A three-judge panel has struck down Arizona's law denying public health insurance benefits to same-sex domestic partners, saying the state can't provide health care "in an arbitrary or discriminatory manner that adversely affects particular groups that may be unpopular."
In April 2008, just before joining the Obama administration, Arizona Governor Janet Napolitano had authorized domestic partners to be covered under the health insurance of state employees. That November, Arizona voters approved a "Marriage Protection Amendment," defining marriage as between a man and a woman and going the extra mile to deny health care benefits to same-sex partners.

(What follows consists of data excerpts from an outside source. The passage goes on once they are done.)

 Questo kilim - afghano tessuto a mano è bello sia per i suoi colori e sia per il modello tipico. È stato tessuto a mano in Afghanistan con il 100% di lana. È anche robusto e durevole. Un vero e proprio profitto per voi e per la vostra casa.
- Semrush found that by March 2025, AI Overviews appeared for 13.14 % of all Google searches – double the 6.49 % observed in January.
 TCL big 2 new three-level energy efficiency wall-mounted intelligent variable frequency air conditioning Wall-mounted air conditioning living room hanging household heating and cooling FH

Napolitano's successor, Jan Brewer, signed that law, and then separately went the extra mile and denied all domestic partners, not just gay ones, health benefits, citing a budget crisis. (The plaintiffs showed that would represent a tiny savings).
The Ninth Circuit Court agreed with the district court that the law was still discriminatory because same-sex couples couldn't marry and get benefits, as opposite-sex couples could.

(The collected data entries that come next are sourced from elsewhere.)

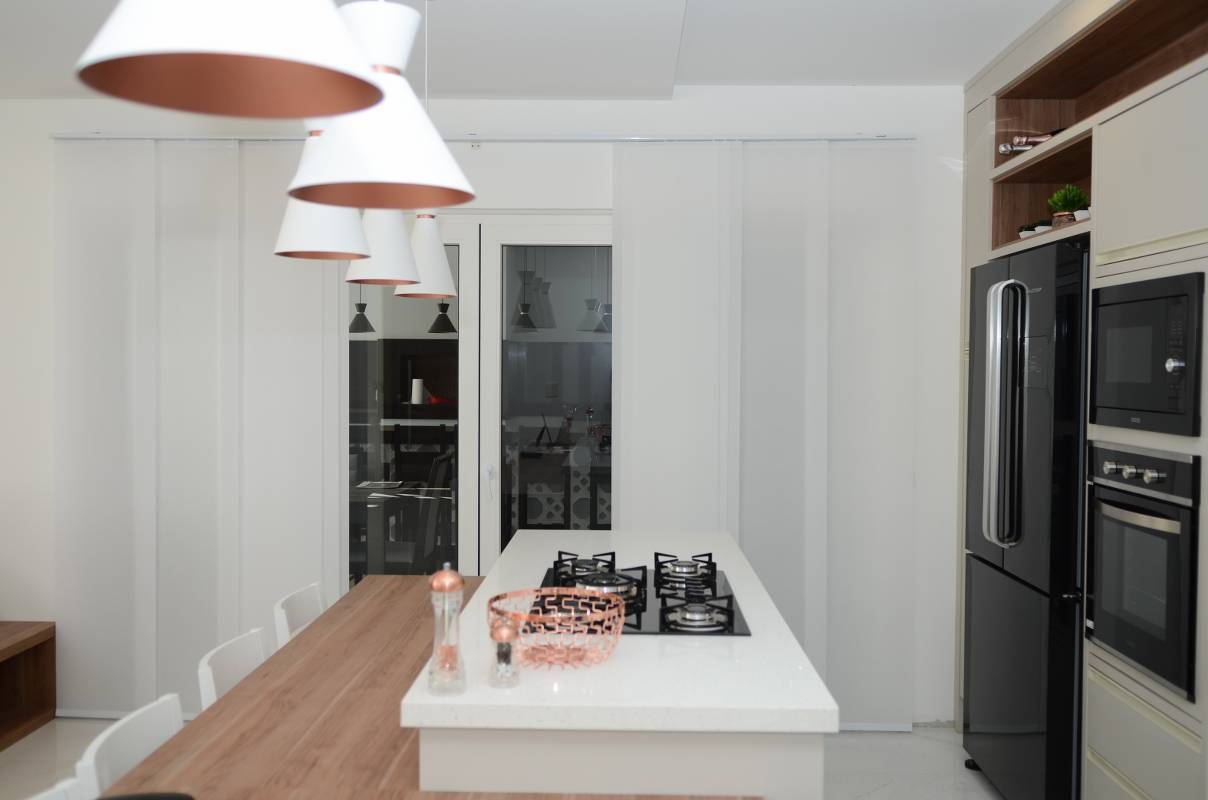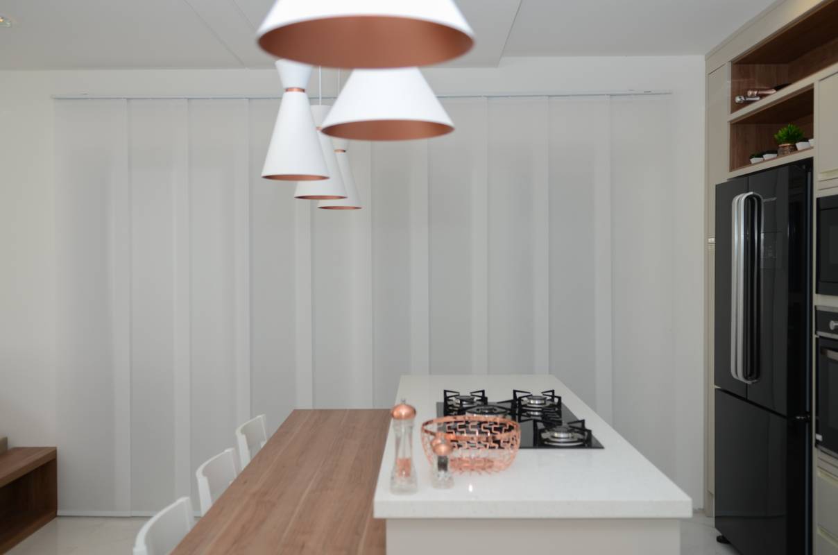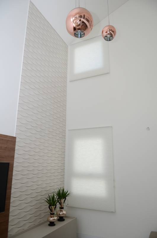 Por se tratar de grandes janelas voltadas ao sol,e a movimentação da rua tivemos a preocupação na escolha por cortinas especiais, aliando a beleza , leveza e tecnologia de tecidos com alto fator de retenção térmica.
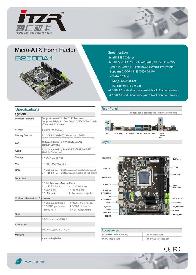หน่วยความจำ:2 * DDR4 2133/2400 DIMM, สูงสุด64 กิกะไบต์
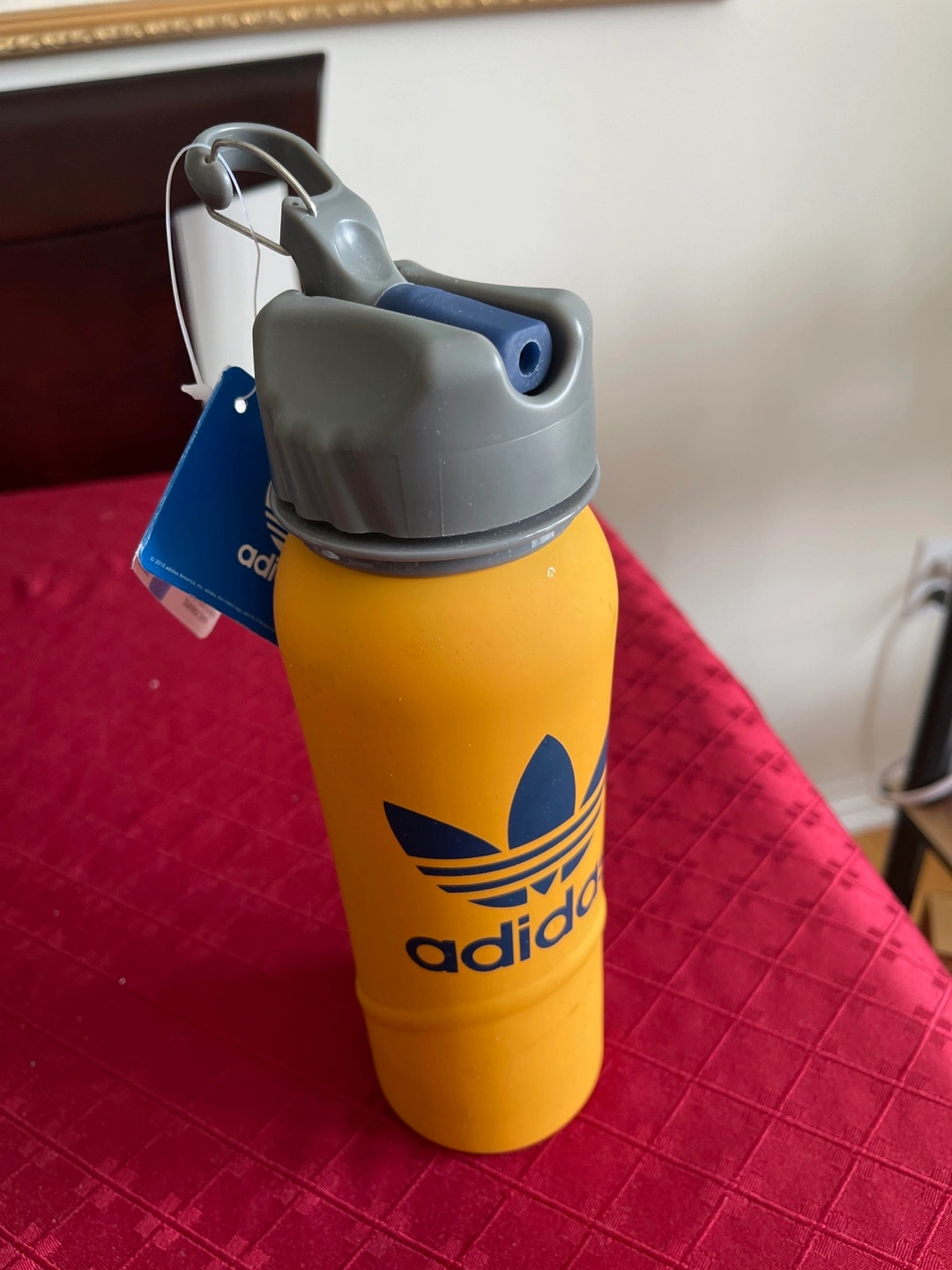 37Adidas branded water bottle. 700ml capacity. Features a flip straw and carrying loop. Made from 18/8 food-grade stainless steel. BPA-free. Dishwasher safe (top rack).
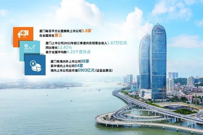 扎根厦门,深耕厦门,借助资本力量做大做强。作为实体经济发展的引领者,厦门上市公司持续发挥“头雁”作用,2022年前三季度共实现营业收入1.67万亿元,同比增长12.81%,高于全国平均数4.23个百分点。一批优秀企业乘着资本市场的东风一路发展壮大。
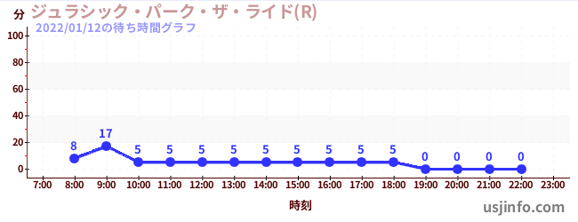 • ジュラシック・パーク・ザ・ライド(R)$B$N(B2022年01月12日の待ち時間
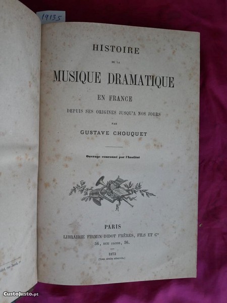 N 19135 Histoire de la Musique Dramatique en France depuis ses origines jusqua nos jours par Gustave Chouquet. Ouvrage couronné pa LInstitut . Paris Librairie Firmin Didot Frères 1873. Encaderado com lombada em pele. 17x24cm. 448 Pgs. Algumas manchas do tempo. Portes Grátis

One example of potential harm called out in the opinion is Beverly Seckinger, a Professor and Interim Director of the School of Media Arts at the University of Arizona, who has been with her partner, Susan Taunton, for over 22 years. Taunton is the primary caregiver for her 89-year-old mother, who has dementia, and has been denied private insurance because of her own chronic asthma. In a grim Catch-22, she likely doesn't qualify for Medicaid, because of Seckinger's financial support.